Hadronic molecular assignment for the newly observed $\Omega^*$ state

TL;DR

This paper investigates the newly observed Omega* state as a potential KXi* hadronic molecule, using an effective Lagrangian approach to match its decay width and predict dominant decay channels.

Contribution

It provides the first detailed molecular interpretation of the Omega* state, supporting its classification as a J^P=3/2^- KXi* hadronic molecule based on decay behavior analysis.

Findings

The decay width of the Omega* state can be well reproduced.

The dominant decay channel is predicted to be the KπΞ three-body decay.

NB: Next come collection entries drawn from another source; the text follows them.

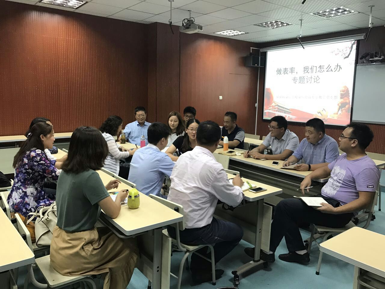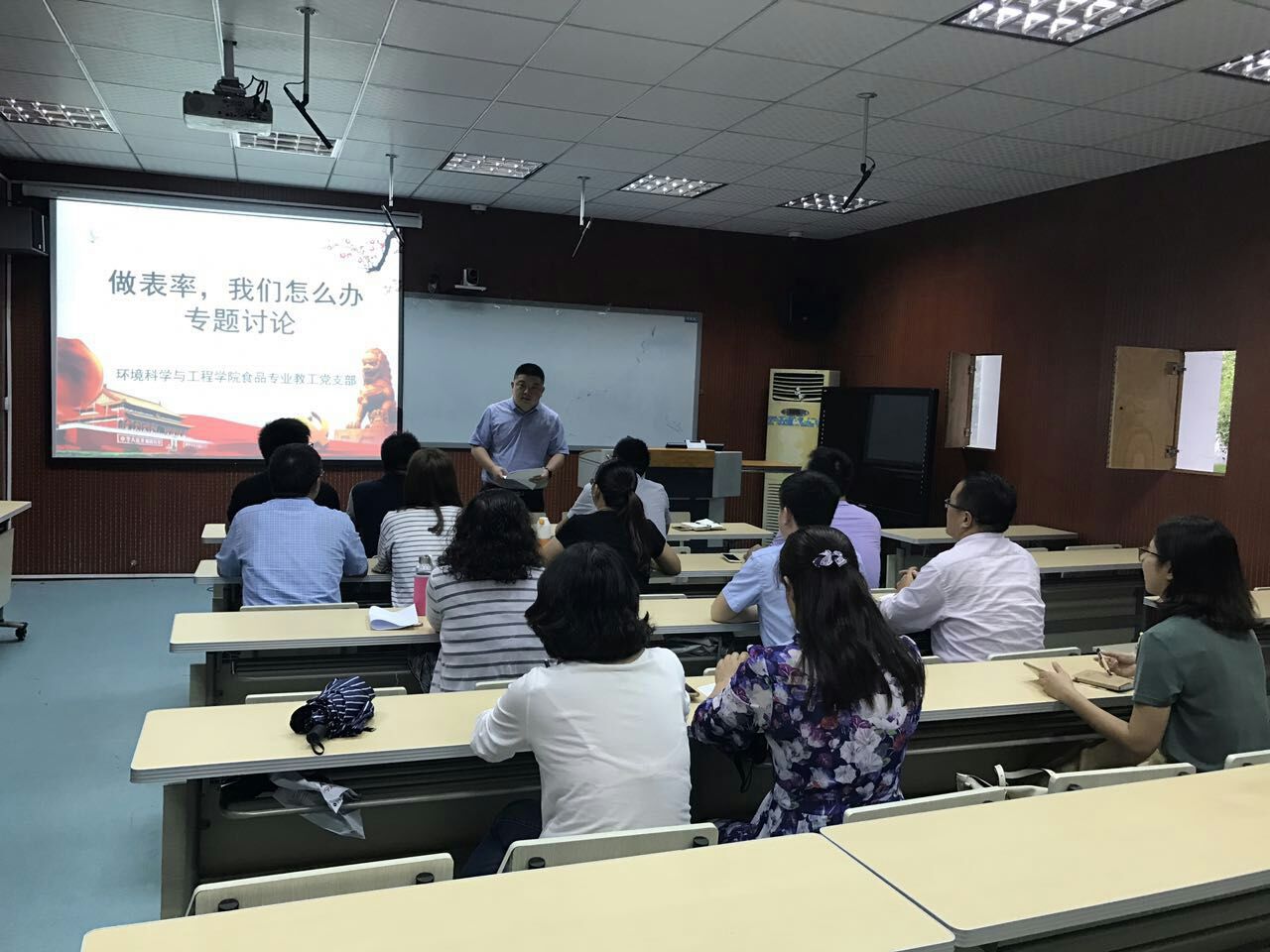 为深入推进“两学一做”学习教育常态化制度化,扎实开展“讲政治、重规矩、作表率”专题警示教育,2017年9月13日,环工公司食品专业教工党支部在行政楼一楼会议室召开“作表率,我们怎么办”专题讨论会。会议由支部书记刘辉主持,支部全体党员参加。
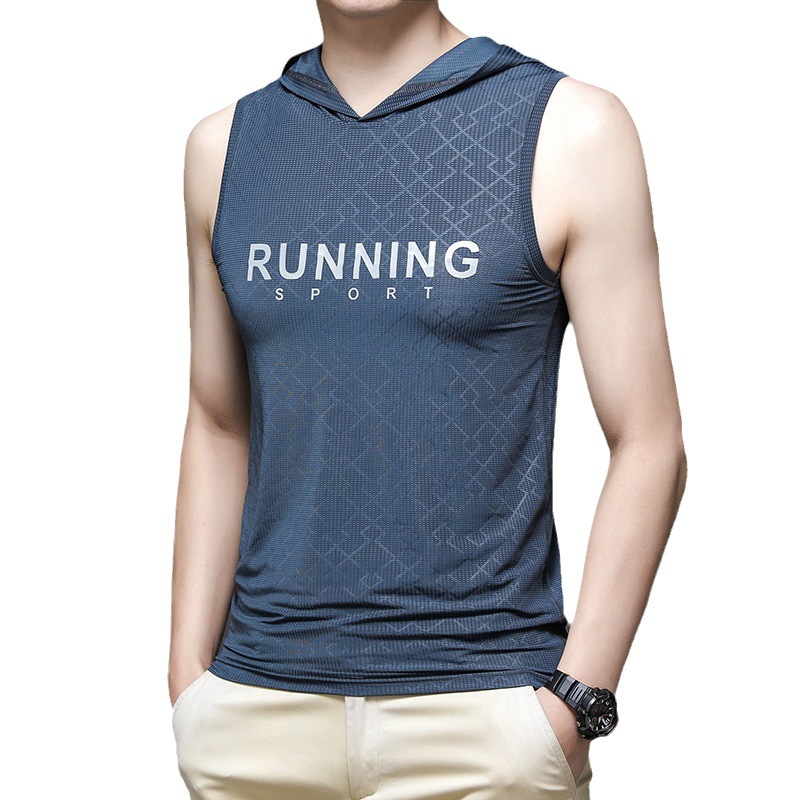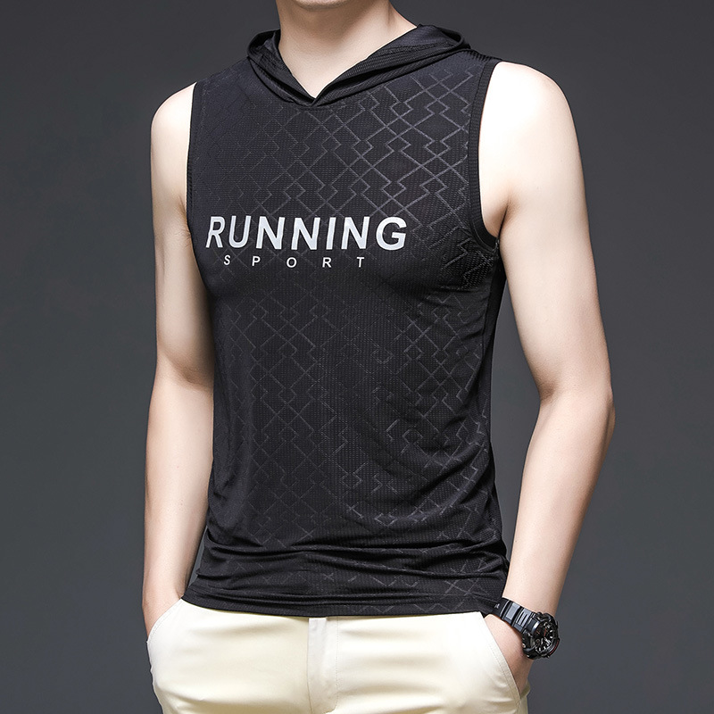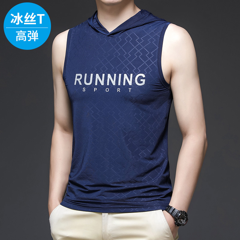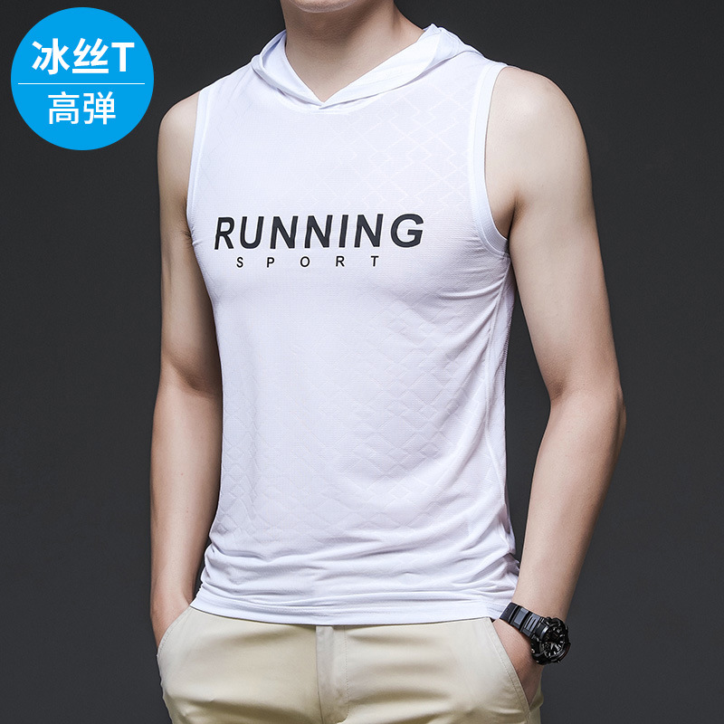 冰丝背心男夏季潮牌薄款男装速干男士衣服男生运动连帽t恤服装
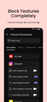 ✅ Block Addictive Features Inside Apps – Restrict Shorts, Reels, For You pages, or any other addictive feeds while keeping essential functions accessible for work or studies like messaging and search.
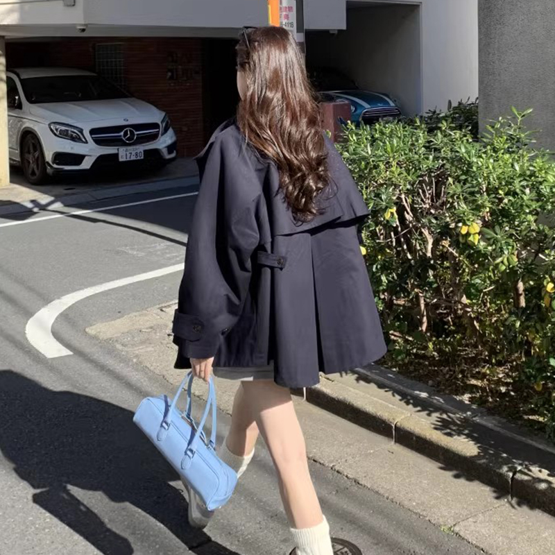 zezi短款风衣外套女纯棉双排扣新款春秋通勤外套女时尚小个子上衣

Supports the molecular state hypothesis for the Omega*.

Abstract

Very recently, a new $\Omega^{*}$ state was reported by the Belle Collaboration, with its mass of $2012.4 \pm 0.7\ \text{(stat)}\pm 0.6\ \text{(syst)}\ \mathrm{MeV}$, which locates just below the $K\Xi^*$ threshold and hence hints to be a possible $K\Xi^*$ hadronic molecule. Using the effective Lagrangian approach as the same as our previous works for other possible hadronic molecular states, we investigate the decay behavior of this new $\Omega^*$ state within the hadronic molecular picture. The results show that the measured decay width can be reproduced well and its dominant decay channel is predicted to be the $K\pi\Xi$ three-body decay. This suggests that the newly observed $\Omega^*$ may be ascribed as the $J^P={3/2}^-$ $K\Xi^*$ hadronic molecular state and can be further checked through its $K\pi\Xi$ decay channel.